*Listed records:*
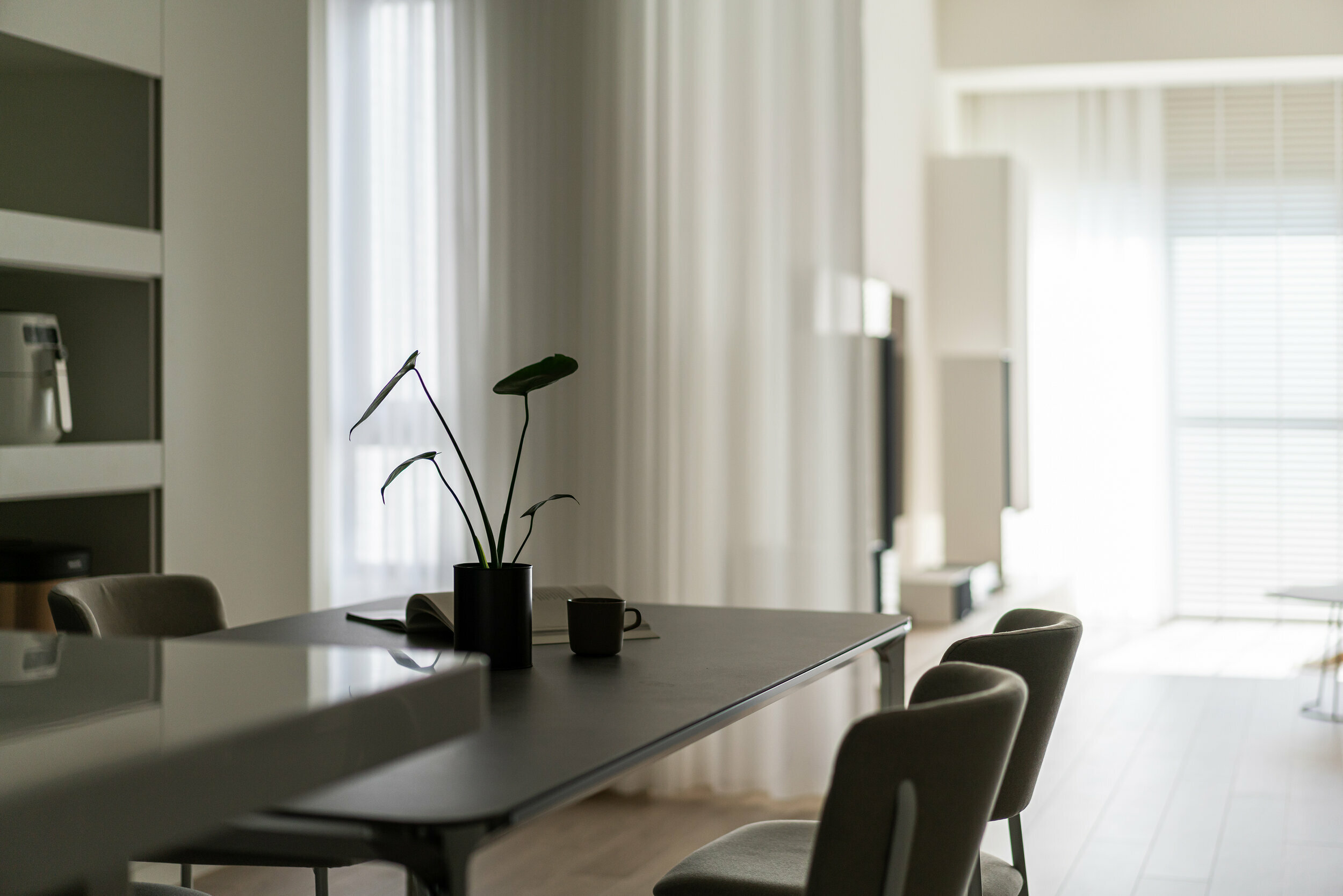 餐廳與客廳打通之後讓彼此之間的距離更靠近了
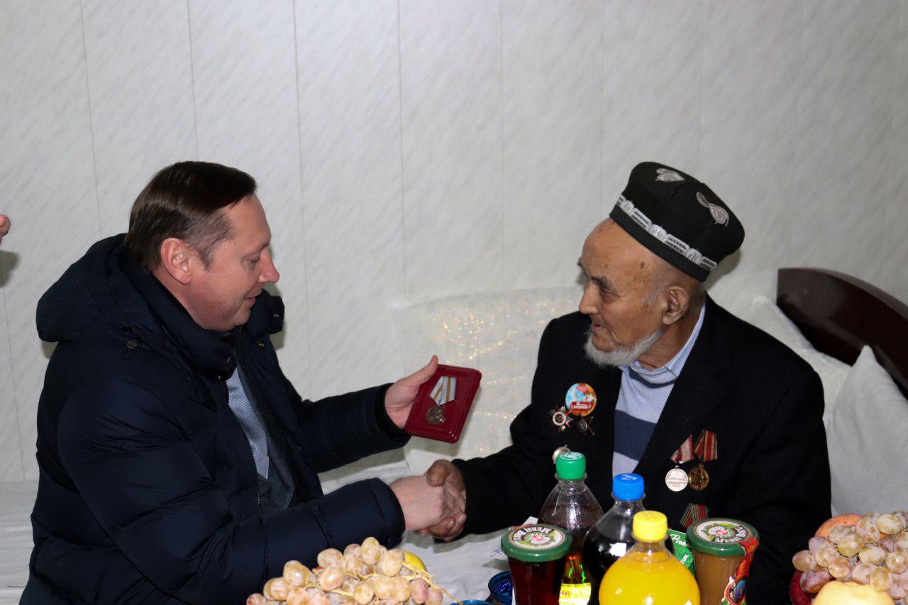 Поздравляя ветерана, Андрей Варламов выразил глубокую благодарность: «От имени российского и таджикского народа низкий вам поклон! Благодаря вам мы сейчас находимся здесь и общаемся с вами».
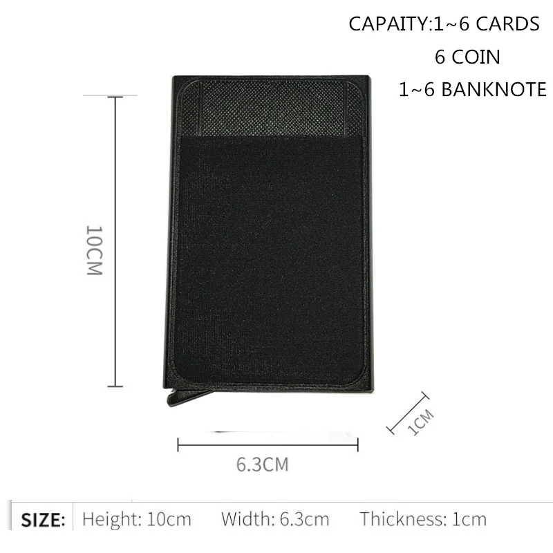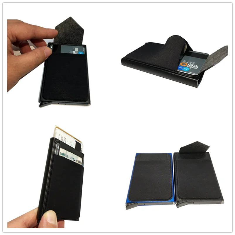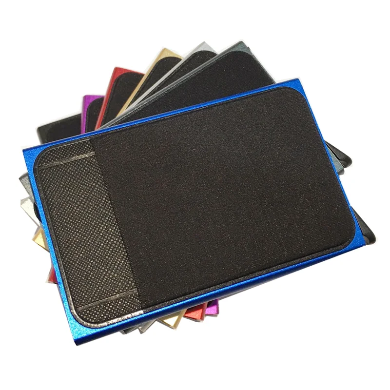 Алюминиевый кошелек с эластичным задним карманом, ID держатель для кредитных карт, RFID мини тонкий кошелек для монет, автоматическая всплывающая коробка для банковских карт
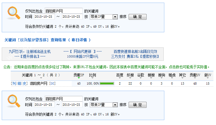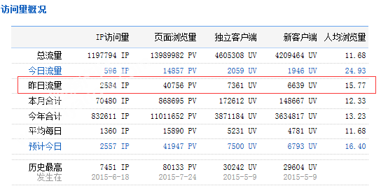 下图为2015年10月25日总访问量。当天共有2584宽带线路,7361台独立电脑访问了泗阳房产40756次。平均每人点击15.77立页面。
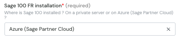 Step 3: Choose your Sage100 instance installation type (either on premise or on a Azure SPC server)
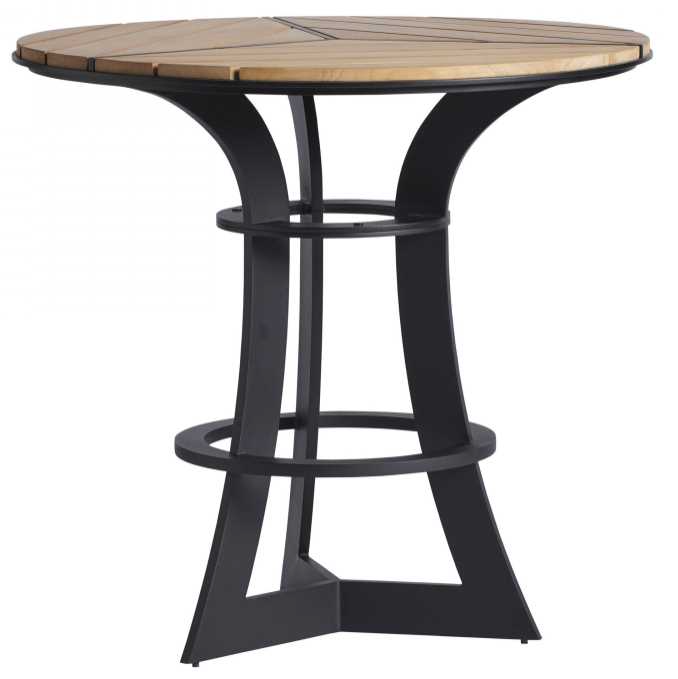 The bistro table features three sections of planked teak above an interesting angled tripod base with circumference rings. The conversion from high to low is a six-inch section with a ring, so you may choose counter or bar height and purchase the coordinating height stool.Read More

...

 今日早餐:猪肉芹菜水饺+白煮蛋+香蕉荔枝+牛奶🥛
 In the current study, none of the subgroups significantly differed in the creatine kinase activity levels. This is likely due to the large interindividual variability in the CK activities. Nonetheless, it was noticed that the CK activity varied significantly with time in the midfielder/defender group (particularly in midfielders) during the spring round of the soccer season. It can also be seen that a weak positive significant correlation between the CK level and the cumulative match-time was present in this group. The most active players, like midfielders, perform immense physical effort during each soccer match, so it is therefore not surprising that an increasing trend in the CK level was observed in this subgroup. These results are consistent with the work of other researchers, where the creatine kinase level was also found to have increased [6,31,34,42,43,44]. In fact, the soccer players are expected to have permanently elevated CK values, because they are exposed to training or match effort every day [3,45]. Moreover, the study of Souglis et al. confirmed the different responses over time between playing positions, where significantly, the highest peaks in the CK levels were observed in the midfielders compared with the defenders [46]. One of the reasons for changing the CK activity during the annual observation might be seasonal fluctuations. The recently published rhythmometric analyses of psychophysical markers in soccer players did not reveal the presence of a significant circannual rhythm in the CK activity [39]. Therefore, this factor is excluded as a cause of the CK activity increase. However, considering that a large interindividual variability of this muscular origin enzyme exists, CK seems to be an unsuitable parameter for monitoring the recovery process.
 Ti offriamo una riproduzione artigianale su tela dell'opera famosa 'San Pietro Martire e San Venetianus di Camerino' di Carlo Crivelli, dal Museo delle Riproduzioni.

*Activity:*
Taking the material above, give again exactly the lines from the one holding "餐廳與客廳打通之後讓彼此之間的距離更靠近了" through the one holding "The bistro table", with both ends and without pictures.

*Solution to the problem:*
 餐廳與客廳打通之後讓彼此之間的距離更靠近了
 Поздравляя ветерана, Андрей Варламов выразил глубокую благодарность: «От имени российского и таджикского народа низкий вам поклон! Благодаря вам мы сейчас находимся здесь и общаемся с вами».
 Алюминиевый кошелек с эластичным задним карманом, ID держатель для кредитных карт, RFID мини тонкий кошелек для монет, автоматическая всплывающая коробка для банковских карт
 下图为2015年10月25日总访问量。当天共有2584宽带线路,7361台独立电脑访问了泗阳房产40756次。平均每人点击15.77立页面。
 Step 3: Choose your Sage100 instance installation type (either on premise or on a Azure SPC server)
 The bistro table features three sections of planked teak above an interesting angled tripod base with circumference rings. The conversion from high to low is a six-inch section with a ring, so you may choose counter or bar height and purchase the coordinating height stool.Read More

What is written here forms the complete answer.